First, be careful in terms of Perl when writing in Ruby. We are doing something in more detail to make the code more readable.
I would write my @extractArray = $string =~ m{the (.*?) fox .*?the (.*?) dog}; as:
string = "the quick brown fox jumps over the lazy dog." string[/the (.*?) fox .*?the (.*?) dog/] extract_array = $1, $2 # => ["quick brown", "lazy"]
Ruby, like Perl, knows capture groups and assigns them to the values $1 , $2 , etc. These make it very clean and understandable when capturing values ββand assigning them later. The regex mechanism allows you to create and assign named captures, but they usually hide what happens, so for clarity, I usually go this way.
We can use match to get there:
/the (.*?) fox .*?the (.*?) dog/.match(string)

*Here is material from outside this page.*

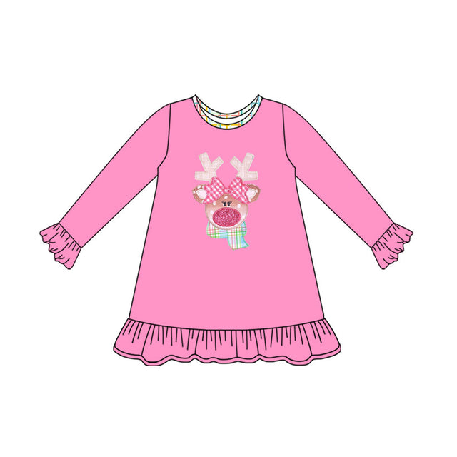 Long sleeves pink bow deer baby girls Christmas dress - 3-6M is backordered and will ship as soon as it is back in stock.
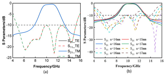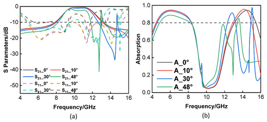 Figure 6a illustrates the reflection and transmission coefficients of the FSR under normal incidence for TE and TM polarizations. It is obvious to observe that the rates of reflection and transmission in both transverse electric and transverse magnetic polarizations were quite consistent with one another. The findings from the simulation indicated that the FSR design had dual polarization. Figure 6b verifies the effect of changing the length and width on the FSR. From the figure, it can be seen that when varying the length and width of the FSR, for the transmission wave, there was not much change. When a = 14 mm, the transmission band of the FSR ranged from 8.95 to 11.84 , whereas when a = 17 mm, the −3 transmission band of the FSR went from 9.18 to 11.71 . The only difference was that the working bandwidth of the FSR decreased slightly when a = 17 mm. The parameters were varied by 20%, and it can be seen that the device performance did not change much when the parameters were varied within a certain range. The performance of the suggested FSR when TE polarization was used was also taken into consideration and examined. When the angle was adjusted to 30°, as shown in Figure 7a, the transmission passband of the tunable FSR did not vary much; however, when the angle was changed to 48°, the transmission passband of the FSR was somewhat lowered; at this point, it was still capable of maintaining a transmission passband that was more than 1 . Figure 7b shows that the impact of altering the angle was not very significant for a low frequency, but it was somewhat more significant for a high frequency; however, it was still possible to maintain 80% of the transmission efficiency. Additionally, when using TM polarization, the transmission passband of the tunable FSR did not change when the angle was changed from 0° to 10°; however, the transmission passband did experience a slight reduction when the angle was increased to 30° or 48°. When the angle was altered while the adjustable FSR was operating with TM polarization, it was easy to observe that the working band of the tunable FSR did not change much. In a similar manner, the angle had an effect on the absorption rate at high frequency when TM polarization was used. Figure 7 demonstrates conclusively that when the varactor was adjusted to either 0 or 0.8 , the transmission characteristics remained constant across a range that extended from 0 to 48°. When the incident angle was increased to 48°, the reflection coefficients remained stable at lower frequency bands. The rate of change in the absorption rate followed the same pattern as the changing trend in the reflection coefficient. As the incident angle increased from 0° to 48°, it was obvious that the transmission window could remain stable with a low insertion loss being experienced.

but is the end result more readable?
extract_array = /the (.*?) fox .*?the (.*?) dog/.match(string)[1..-1] # => ["quick brown", "lazy"]
These captures are also interesting:
/the (?<quick_brown>.*?) fox .*?the (?<lazy>.*?) dog/ =~ string quick_brown # => "quick brown" lazy # => "lazy"
But they lead to wonder where these variables were initialized and assigned; I am sure that I do not look in regular expressions for those that occur, so it potentially gets confused with others and again becomes a maintenance problem.
Carey says:
To tell a little about the named captures, if match_data = string.match / (?.?) Fox.? (?. *?) dog /, then match_data [: quick_brown] # => "quick brown" and match_data [: lazy] # => "lazy" (as well as quick_brown # => "quick brown" and lazy # => "lazy"). With the names available, I see no reason to use global variables or Regexp.last_match, etc.
Yes, but there is also a smell there.
We can use values_at with the MatchData result from match to get the values ββcaptured, but there are some unintuitive behaviors in the class that disable me:
/the (?<quick_brown>.*?) fox .*?the (?<lazy>.*?) dog/.match(string)['lazy']
works and implies that MatchData knows how to behave like a hash:
{'lazy' => 'dog'}['lazy']
and it has a values_at method like Hash, but it doesn't work intuitively:
/the (?<quick_brown>.*?) fox .*?the (?<lazy>.*?) dog/.match(string).values_at('lazy')
While:
/the (?<quick_brown>.*?) fox .*?the (?<lazy>.*?) dog/.match(string).values_at(2)
which now acts like an array:
['all captures', 'quick brown', 'lazy'].values_at(2)
I want a consistency and it makes my head hurt.